# TASK INSTRUCTIONS
In the entries below, find the line with "향후 하이브리드 제조" and the line with "German Shepherd Metal"; reproduce those two lines and all lines between them exactly, without pictures.

Stored data

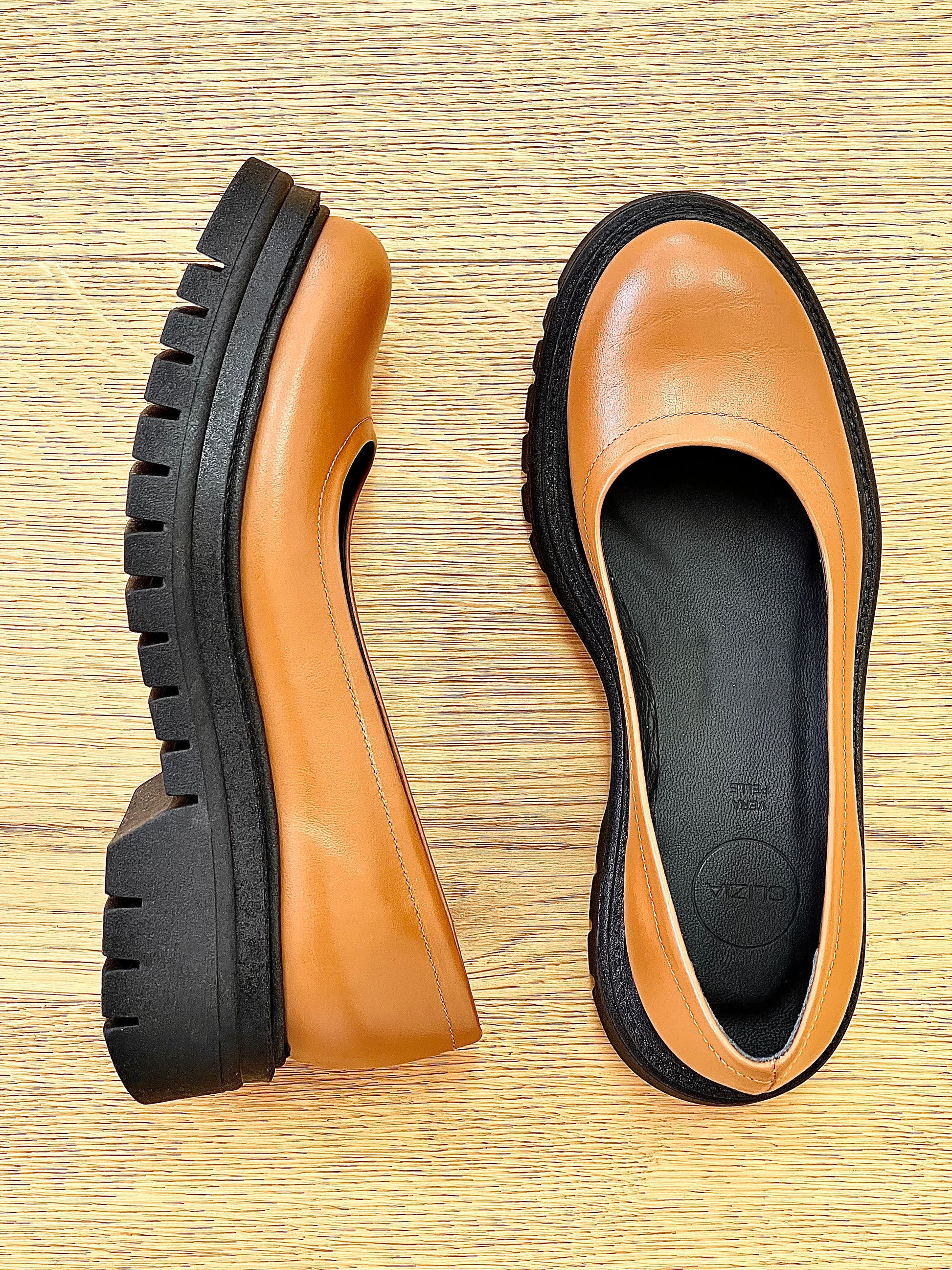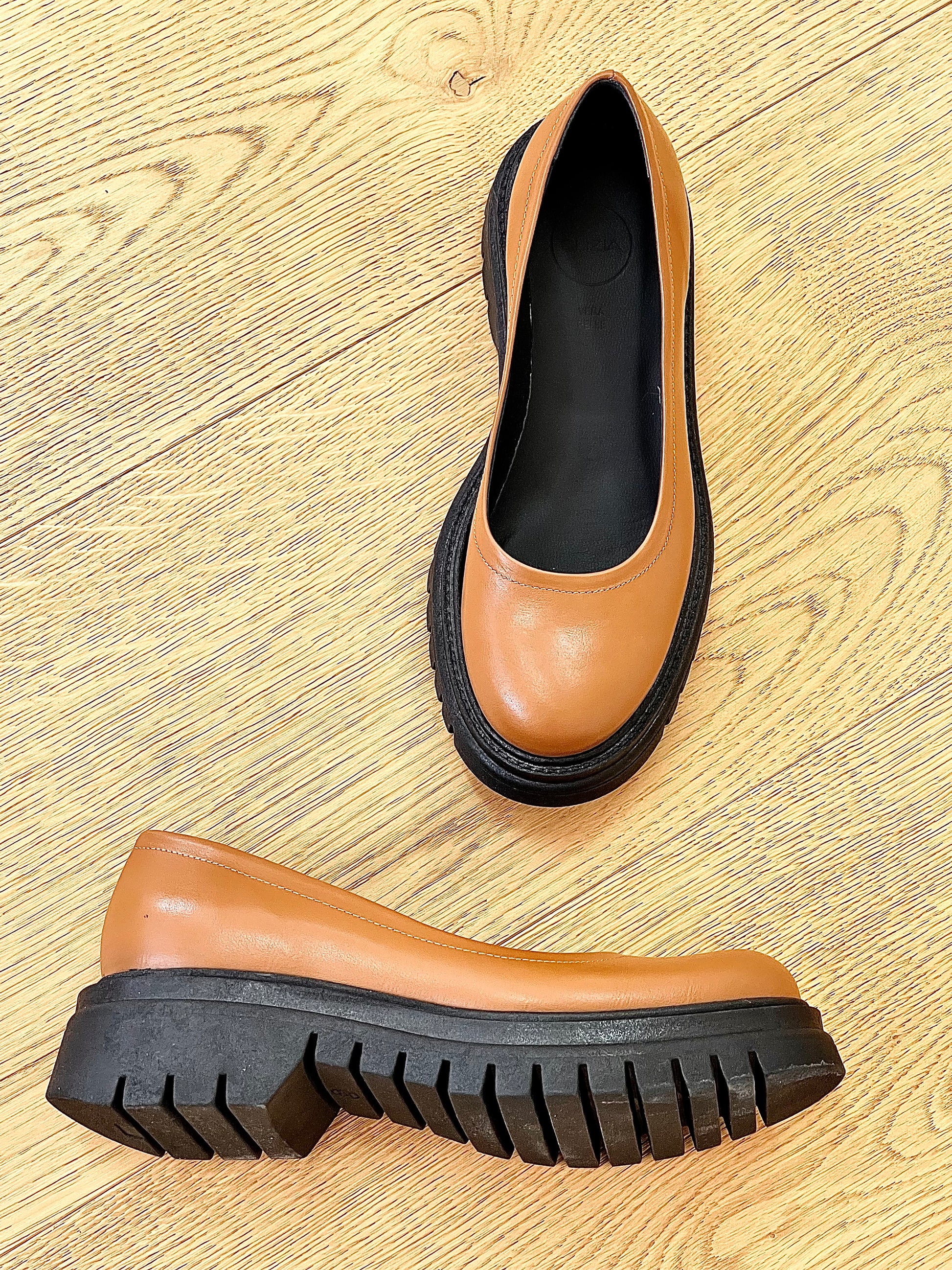 Χαμηλά δερμάτινα μπαλαρίνια με αντιολισθητική σόλα.
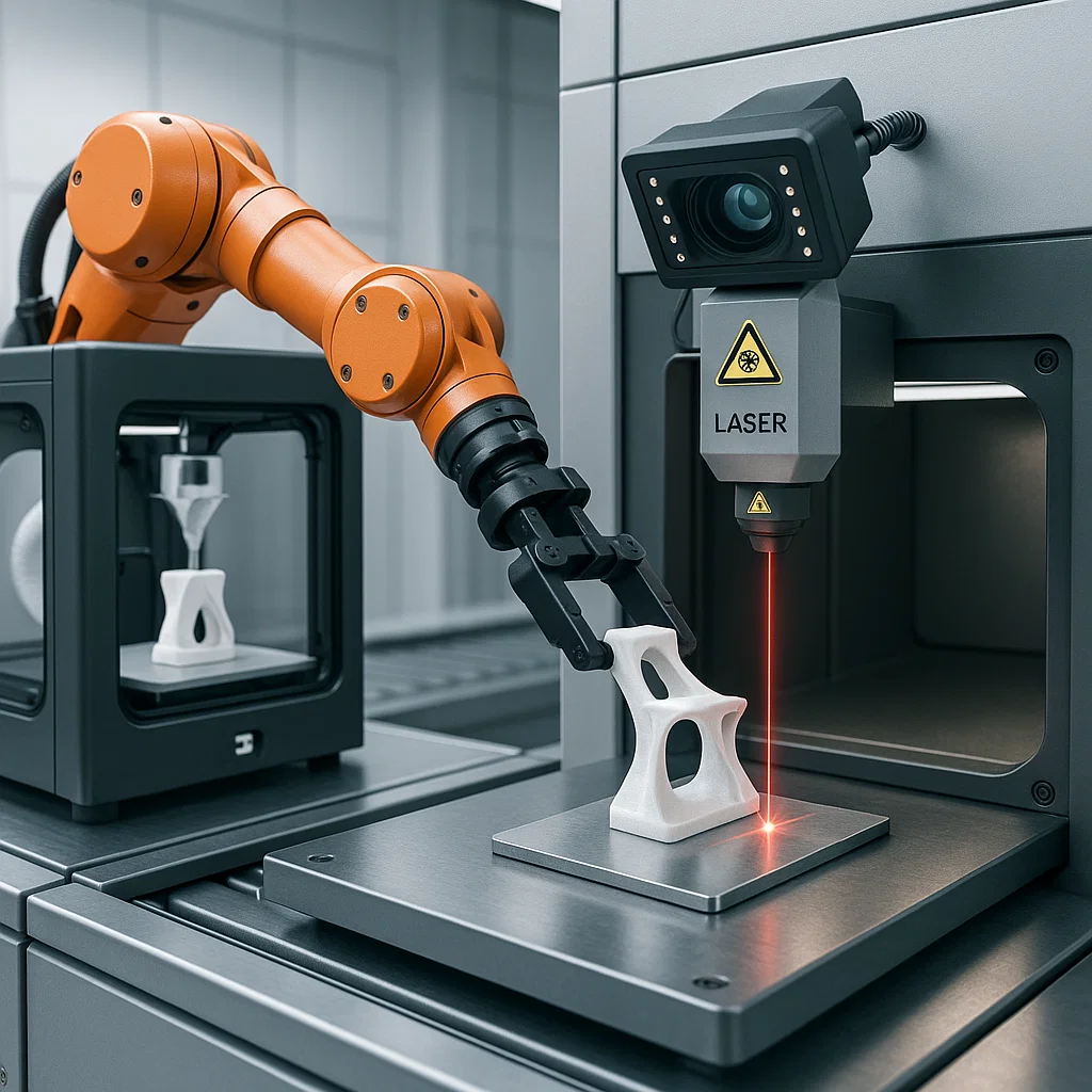 향후 하이브리드 제조 라인에는 3D 프린터에서 레이저 스테이션으로 직접 인쇄 된 부품을 전송하는 로봇 암이 있습니다.. 비전 시스템은 정렬을 확인할 수 있습니다, 자동 초점 조정을 트리거합니다, 그리고 조각 품질을 실시간으로 검사합니다.
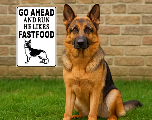 German Shepherd Metal sign Go Ahead and Run He Likes FastFood (Personalized)
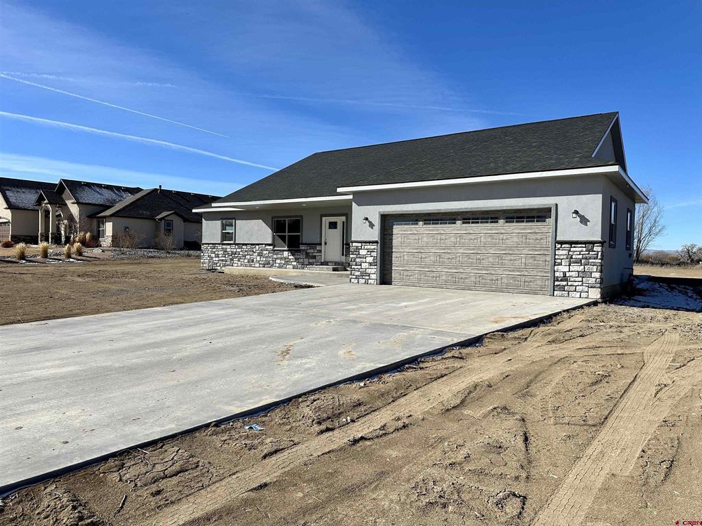 This fabulous new construction is underway! Located in the coveted Roubideau Reserve, this beautiful new home is situated on 0.73 acres. The lot backs up to a hay field, and the westerly sunsets over this bucolic scene are what Colorado living is made for! Enjoy the massive covered concrete back patio, or sip coffee in the mornings on the east-facing front porch. The home has 3 bedrooms, 2 bathrooms, and a split floor plan. Single level and low maintenance! Custom cabinetry and granite throughout. An oversized attached garage has been designed to fit even the largest pickup truck, and there is irrigation water in this subdivision to keep everyones landscaping looking great. There is still time for a buyer to pick some finishes- call for more details! Don't miss it!
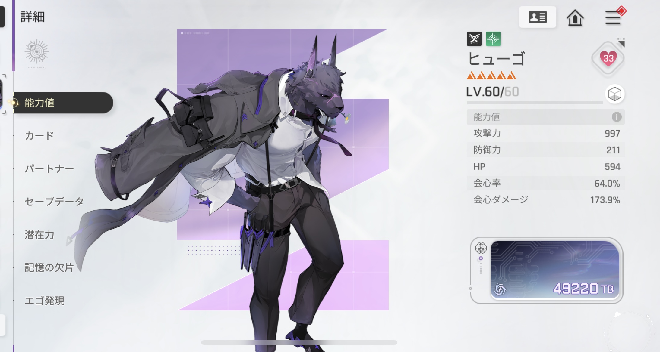 | … | 41725/11/20(木)17:07:06No.1374441559+>攻撃力に関してはサポーターのレベル60の時に☆5と☆3で割と大きな差があるから実数値意識するなら☆5サポーター付けないとダメだと思う >クマさんだと89でリリアンだと101なので☆5持ってないからわからんけど更に実数値は差が出るからそこに記憶の欠片理想値出せば攻撃力1000の会心60いけるはず… ストライカーならアームチェア探偵の60のステータスがアップデートのお知らせにあるよ 攻撃力113防御力5HP115 |

# ANSWER BOX
 향후 하이브리드 제조 라인에는 3D 프린터에서 레이저 스테이션으로 직접 인쇄 된 부품을 전송하는 로봇 암이 있습니다.. 비전 시스템은 정렬을 확인할 수 있습니다, 자동 초점 조정을 트리거합니다, 그리고 조각 품질을 실시간으로 검사합니다.
 German Shepherd Metal sign Go Ahead and Run He Likes FastFood (Personalized)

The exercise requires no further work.